The name's Claude. Claude, Claude, Claude
When your job becomes managing the thing that manages the things
As a kid the special agent James Bond featured regularly in my life - gathering with my family around the TV to watch his latest escapade. Or, more normally, a re-run of an older film recorded on a not-quite-long-enough VHS tape and hoping against hope that the ending wasn’t cut off…
But these days it’s a different kind of agent that’s featuring in my life. Claude agents.
One of the neat things Claude Code added a while back was the ability to use agents. The pitch was "create specialized agents - design/coding/debugging." But how do you know which agent to use? And when? And how many? Can they interact with each other? So many questions…
But as I’ve used them more, I’ve realised trying to stereotype the agents misses the point. Just using agents is a significant unlock.
There are a couple of things they do well:
First they increase parallelization. Claude will often offer a list of things to do and ask you to pick one. But with agents you can tell Claude to do all the options in parallel. Claude is pretty good at coordinating the agents to avoid clashes (so two agents won’t end up fighting over the same code). Going faster is good.
Second it preserves context in the main conversation - the one you interact with. Managing context matters. Sure, Claude will automatically compact context. But each time it does it risks throwing away something critical. And even if you don’t run out, having the context polluted with irrelevant data is hard for the model - where should it focus its attention? A sub agent can sort out a bug and just report back "fixed". Or do a web search and produce the necessary nugget without any unnecessary kerfuffle. The main context is preserved for what matters. It’s like a senior manager who is focused on the high-level picture.
But it’s not just Claude agents that Claude is happy managing. It will quite happily boss Gemini and Codex around as well…
As an example, let’s get Claude to use Gemini to fix some failing tests…

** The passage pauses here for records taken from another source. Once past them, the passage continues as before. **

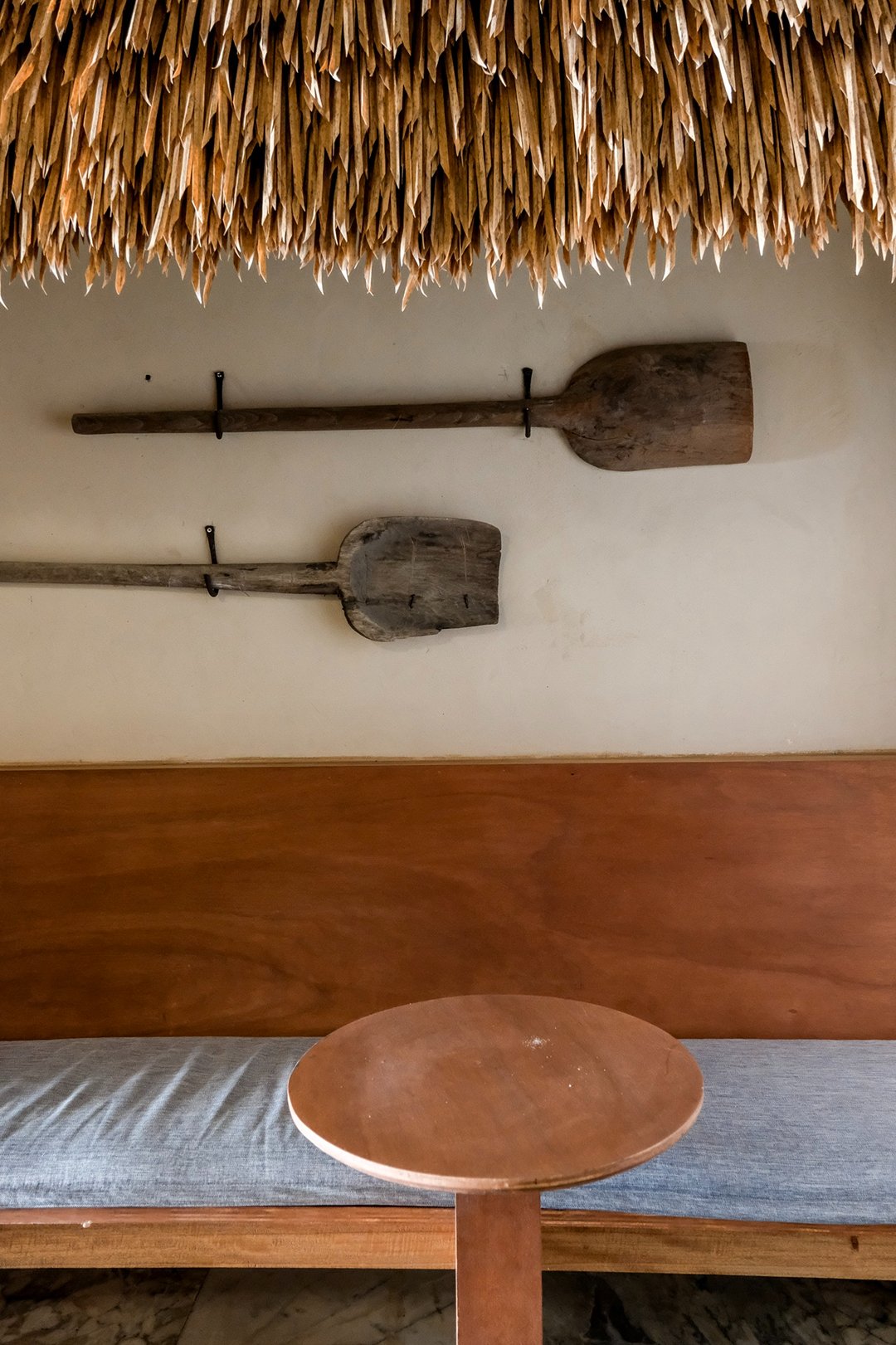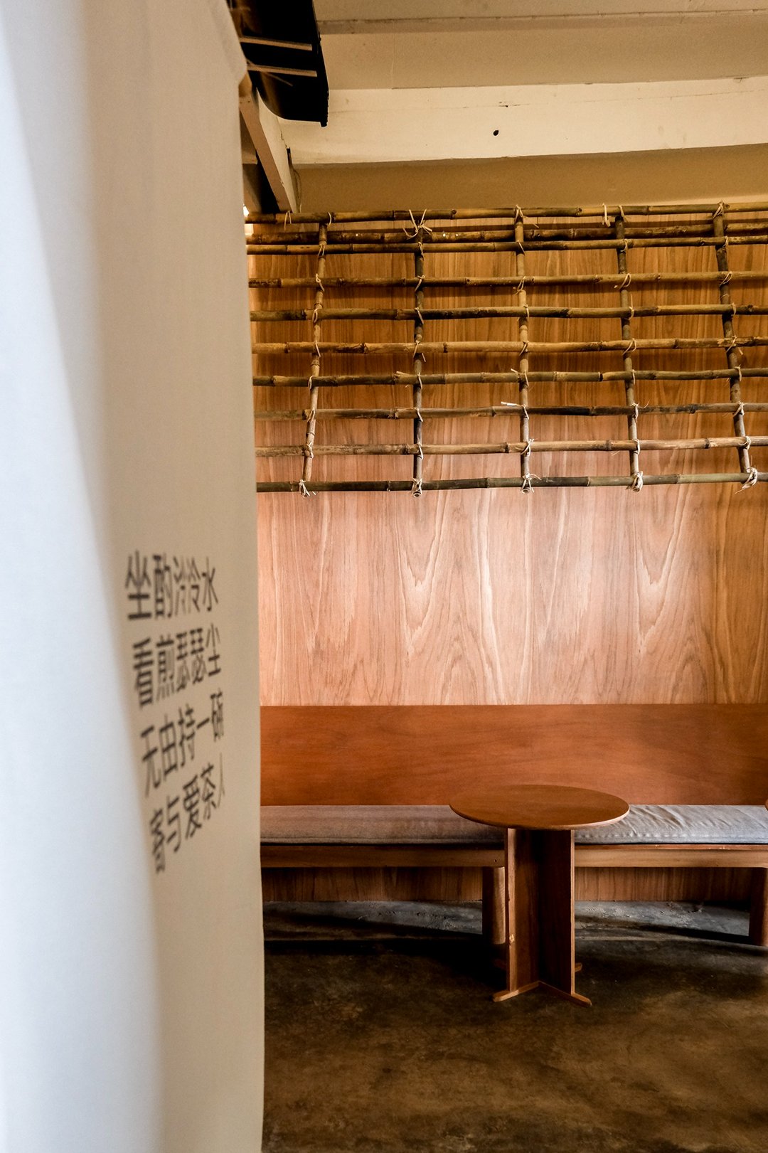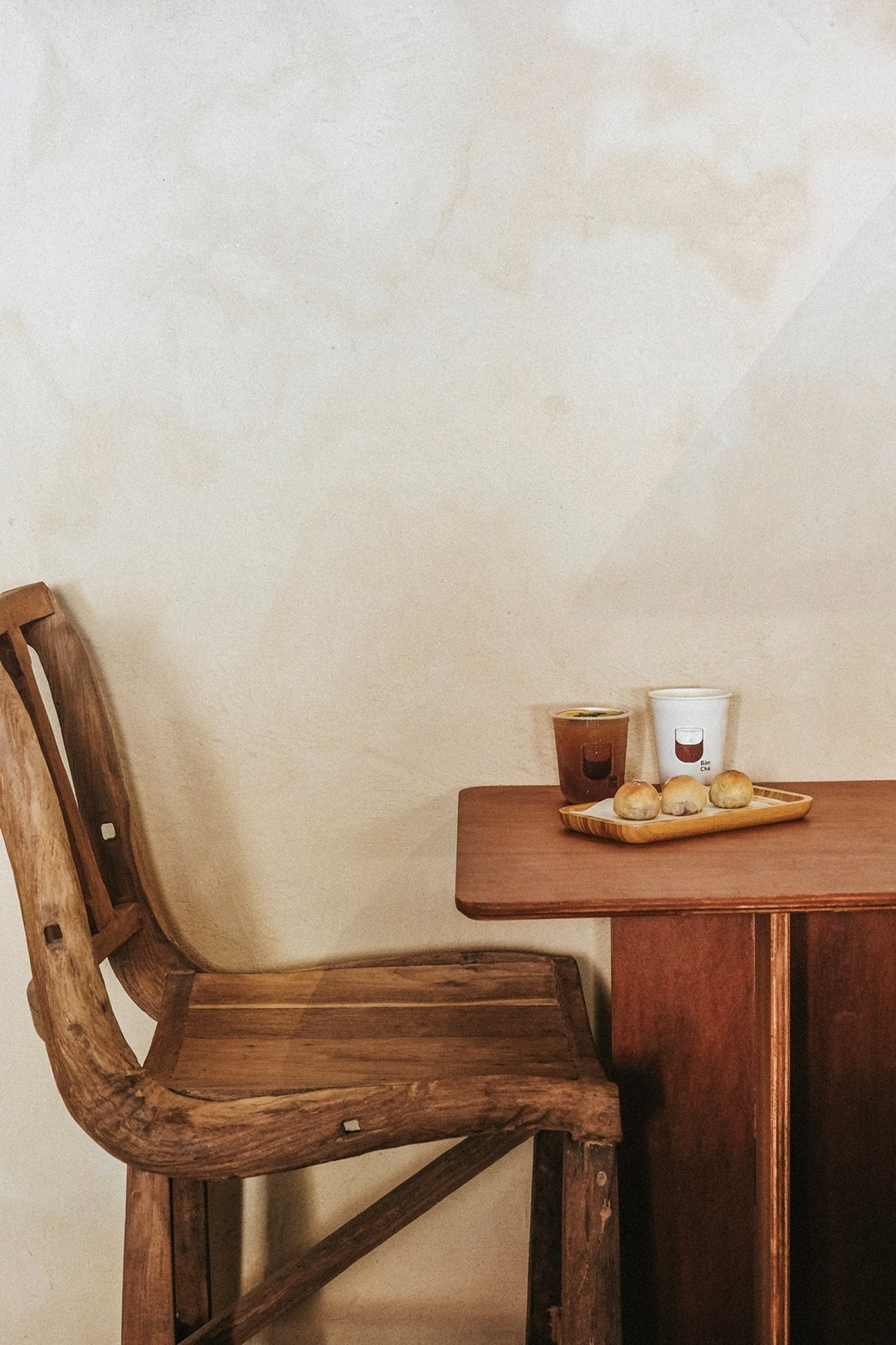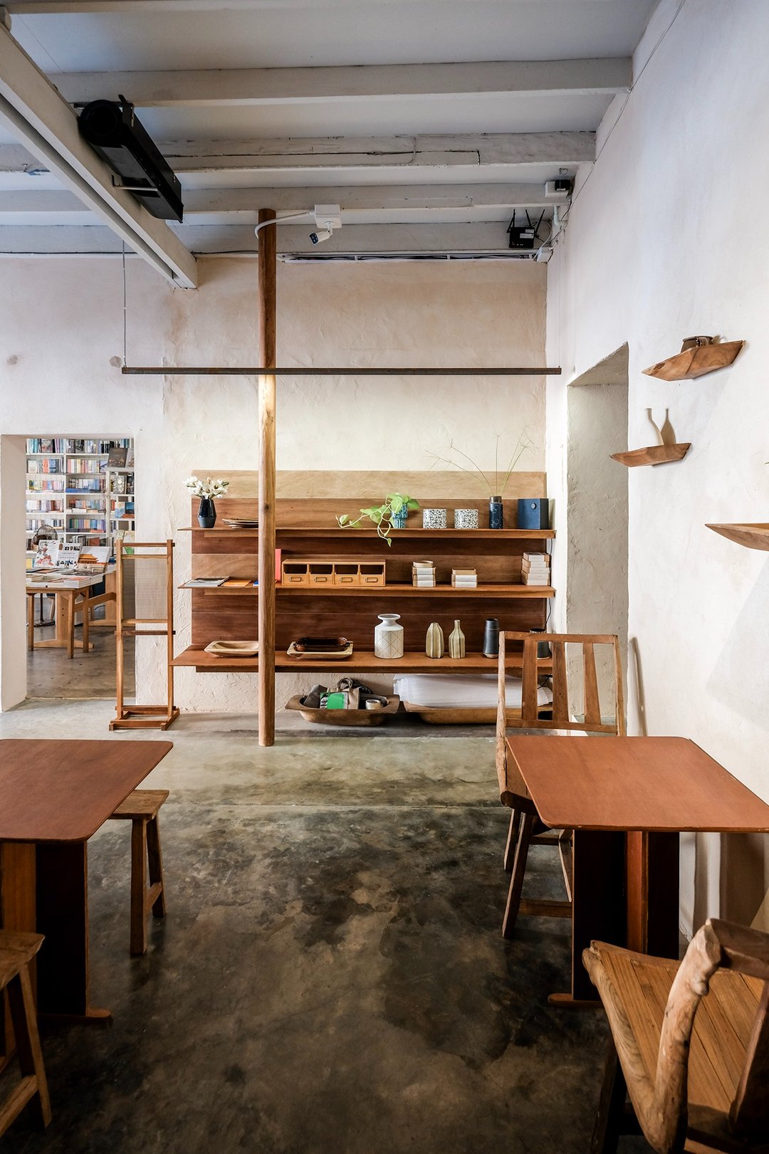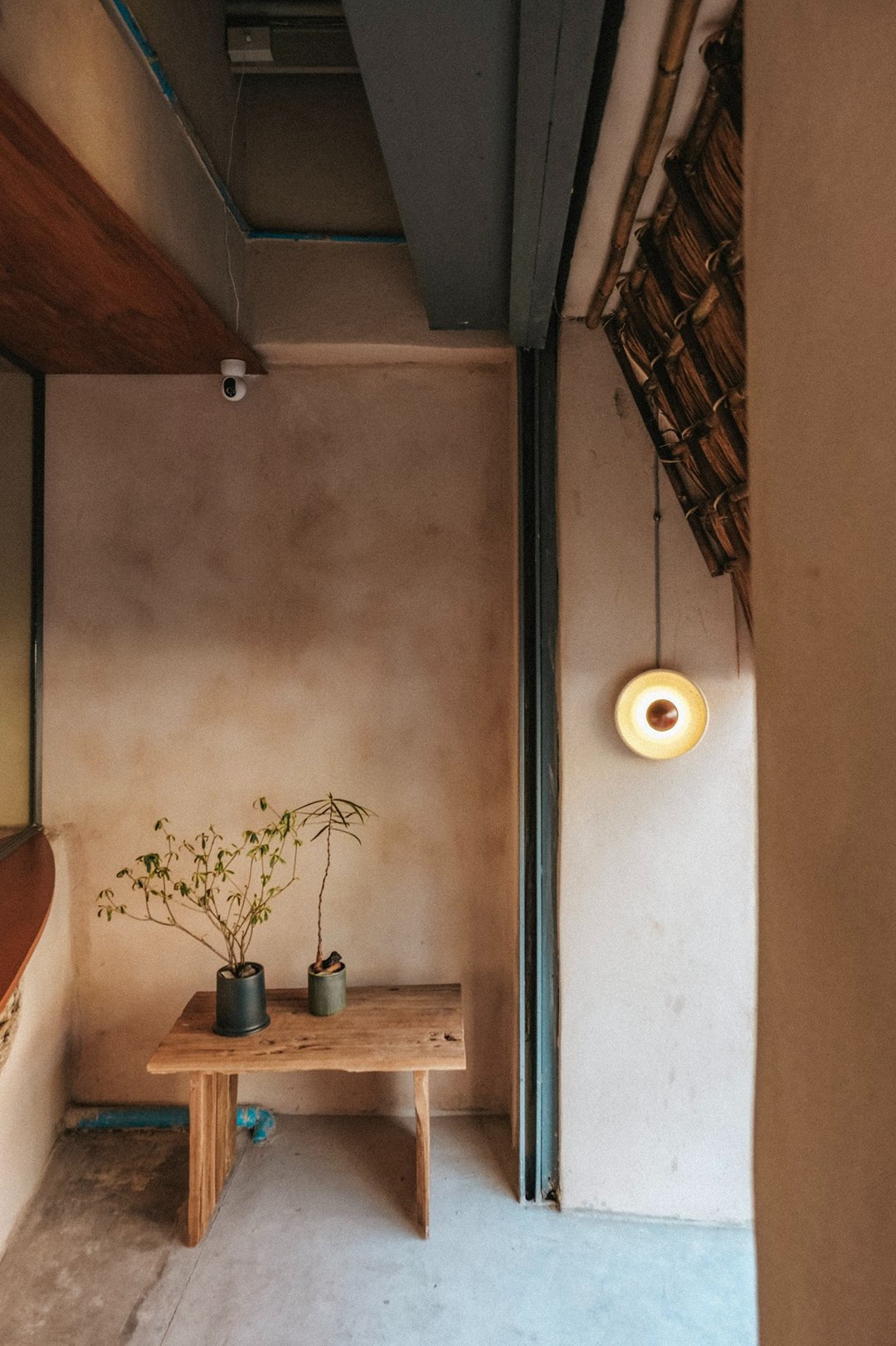 ตัวร้านซ่อนตัวอยู่ริมถนนเฟื่องนคร บรรยากาศค่อนข้างสงบ หยิบเอาองค์ประกอบพื้นถิ่นมาผสมกับความโมเดิร์น ทั้งโทนสี earth tone, เฟอร์นิเจอร์ไม้ และโครงสร้างหลังคามุงจากที่ทำให้มู้ดมีความ japandi เบาๆ
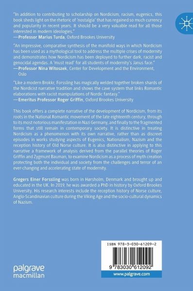 This book offers a complete narrative of the development of Nordicism, from its roots in the National Romantic movement of the late eighteenth century, through to its most notorious manifestation in Nazi Germany, and finally to the fragmented forms that still remain in contemporary society. It is distinctive in treating Nordicism as a phenomenon with its own narrative, rather than as discreet episodes in works studying aspects of Eugenics, Nationalism, Nazism and the reception history of Old Norse culture. It is also distinctive in applying to this narrative a framework of analysis derived from the parallel theories of Roger Griffin and Zygmunt Bauman, to examine Nordicism as a process of myth creation protecting both the individual and society from the challenges and terror of an ever-changing and accelerating state of modernity.
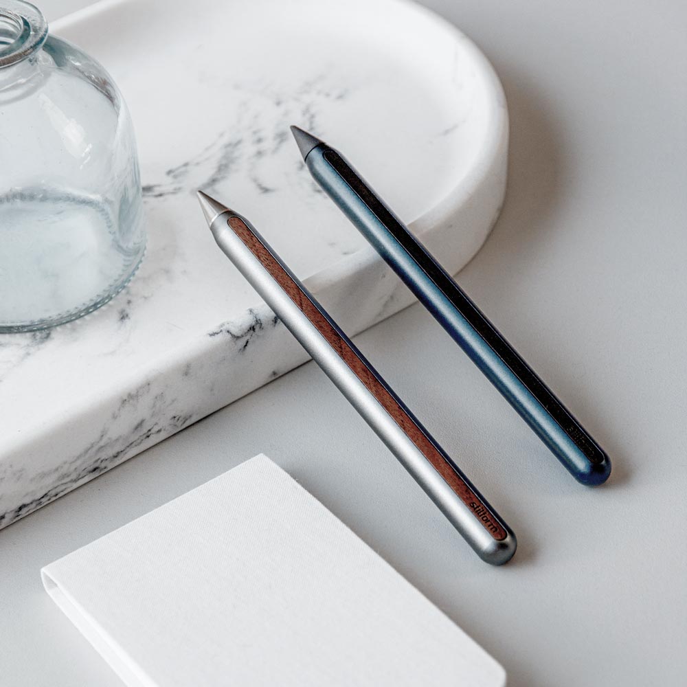 In need of a pencil for note-taking or just a quick sketch? Made possible by Aeon's neodymium magnet, you can switch freely between an "eternal" metal tip and a graphite tip for different pencil uses.

And, like me, Claude was excited when Gemini made progress:
But it wasn’t all plain sailing - Claude had some pointed feedback for Gemini:
Once again we see one of the problems with agents - the controlling instance decides that the subagent isn’t up to the task and decides it’s easier to just do the work itself. There are definite echoes here of inexperienced managers who decide its quicker to do a task themselves rather than figure out how to get their team to do it.
But we see the benefit of two models working together - they riff off each other - and produce better results. There are interesting echoes of a paper from Google last week which found that advanced reasoning models don't just reason better because of longer chains of thought. Instead they implicitly simulate a "society of thought" internally. The model effectively runs a multi-agent debate within itself, with different internal "perspectives" with distinct personality traits arguing, questioning and reconciling multiple views.
But getting back to the problem in hand. How would Claude rate Gemini?
AI interviews
The obvious next step is to run an interview with Gemini, Codex & Claude as the candidates…
Claude proposed a rather dull interview test: writing a tokenizer.
I had a better idea. Let’s do something in 16-bit DOS, with a 30 year old compiler…
And soon we had our interview question:
All three completed the task - although the time taken and amount of struggle varied.
And would you believe it, the hire recommendation was, err, Claude!
And so?
You know what? Having worked with these models over the past few months, I’ve come to similar conclusions. Gemini has many strengths. But for this type of systems level coding it is too slap-dash. We’ve recently been fixing bugs in my Win16 emulator introduced when Gemini decided to use fastcall rather than pascal as the calling convention. It’s a bit like the junior who doesn’t properly understand - and rather than go and learn just makes assumptions.
And Codex? Codex is smart. But oh, so slow. And that’s on the "high" thinking level, not the even slower "Extra high" level.
But what’s really interesting here is that I seem to be moving up. Two years ago Github Copilot assisted me. Last year I found myself managing a team of agents. And now? Now, I seem to be on the brink of being a second line manager - managing Claude who manages the team doing the work.
Two years from Copilot assistant to second-line manager. Amazing career progression. If the pattern holds, where am I in another two? Third-line, I guess, managing the Claude that manages the Claudes that manage the Claudes.
Bond always knew what his role was, but these days I’m starting to wonder if I'm climbing a ladder or being gently escorted to the exit.